Durante os anos de 2019 à 2025, foi desmatado um total de 368.931 hectares de vegetação nativa, porém mais de 90 mil hectares foram desmatados de forma irregular. 

Em contrapartida, 277.357 hectares estavam legalmente aptos e autorizados para serem desmatados e conforme dados cruzados com as licenças do Instituto de Meio Ambiente de Mato Grosso do Sul, o Imasul, essa área representa 75,2% do total desmatado, maior percentual do país. 

Para manter o controle da situação, o Estado tem ficado atento nos últimos anos e combatido o desmate ilegal durante os anos. De acordo com o Mapbiomas, em 2019 apenas 31,6% das áreas desmatadas tinham autorização ambiental, os outros 78,4% foram suprimidos de forma ilegal. 

Em comparativo, no ano de 2025 o percentual que representa o desmatamento de áreas autorizadas, saltou para 94,3%, fazendo com o Mato Grosso do Sul obtivesse o maior percentual do País. 

Em relação ao Bioma do Pantanal, que possui mais de 84% de sua área de vegetação nativa preservada, apresentou o segundo menor número de alertas de desmatamento dentre todos os biomas brasileiros, registrando no ano passado 163 focos. 

Apresentando um desmate de apenas 12.260 hectares, sendo que desse total 10.042 tiveram licença ambiental emitida, conforme o MapBiomas.

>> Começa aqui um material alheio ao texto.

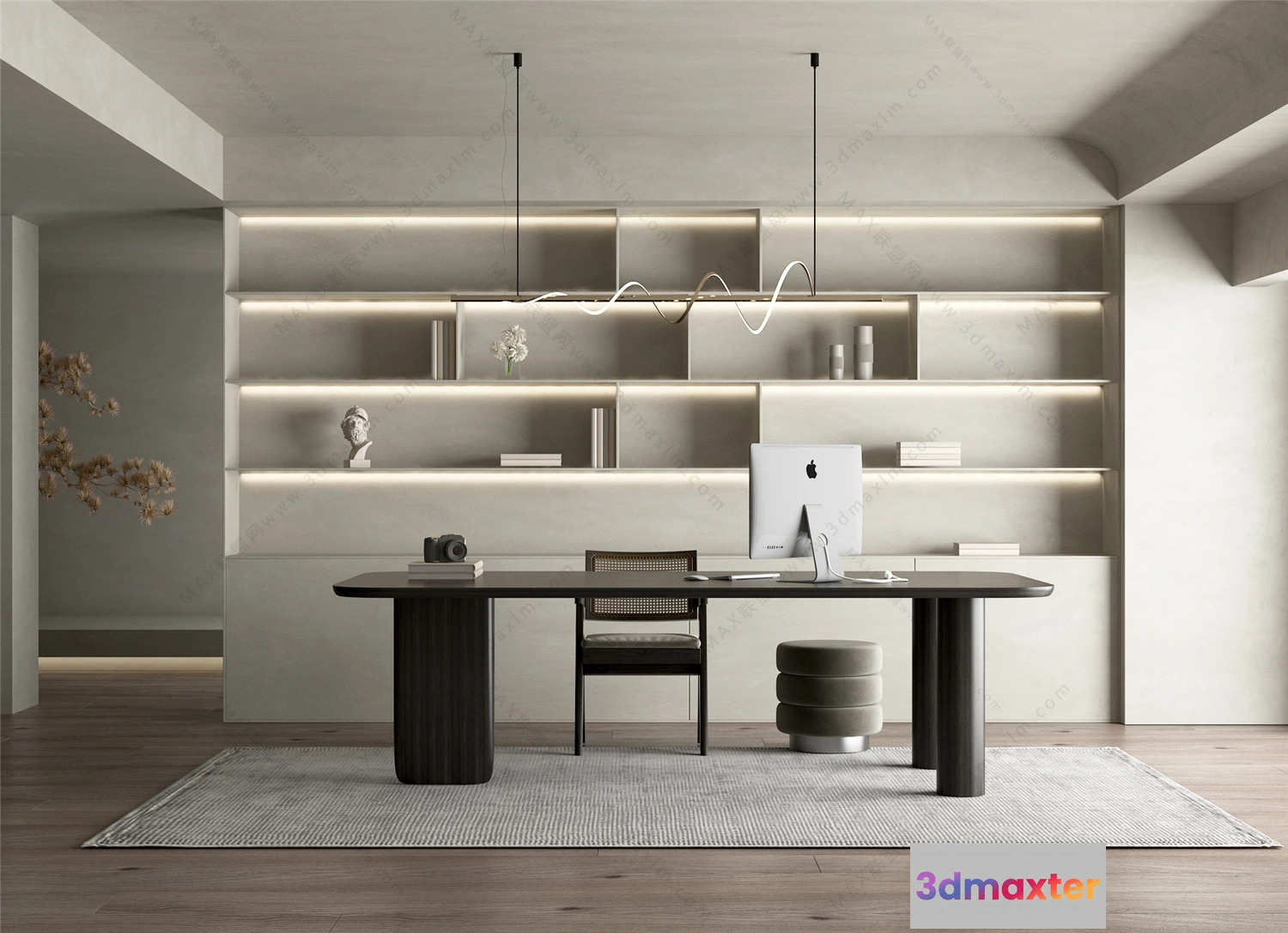 3D Models / 3D Scenes / Interior / Office Home / Tearoom and Study 3D Interior Scene Model – Wabi Sabi Style – 005 3D Max

Para o secretário de Meio Ambiente, Desenvolvimento, Ciência, Tecnologia e Inovação (Semadesc), Artur Falcette, a criação da Lei do Pantanal, colaborou para que diminuísse os indices de desmatamento sem autorização legal, de acordo com ele, “a Lei do Pantanal trouxe mais segurança jurídica, mais clareza com relação a alguns aspectos e também reduziu a possibilidade de conversão de novas áreas”.

Com a criação da Lei do Pantanal, que está em vigor desde fevereiro de 2024, as normas de conservação, proteção, restauração e exploração ecologicamente sustentável sofreram alterações significativas. 

Inovou ao definir áreas de proteção permanente (APP), expandindo a proteção para lugares como landis, as salinas, as veredas e os meandros abandonados, além de locais como capões e cordilheiras também receberam proteção. 

A lei ainda tornou proíbido o cultivo de soja, cana-de-açúcar, eucalipto e quaisquer outras culturas exóticas ao meio.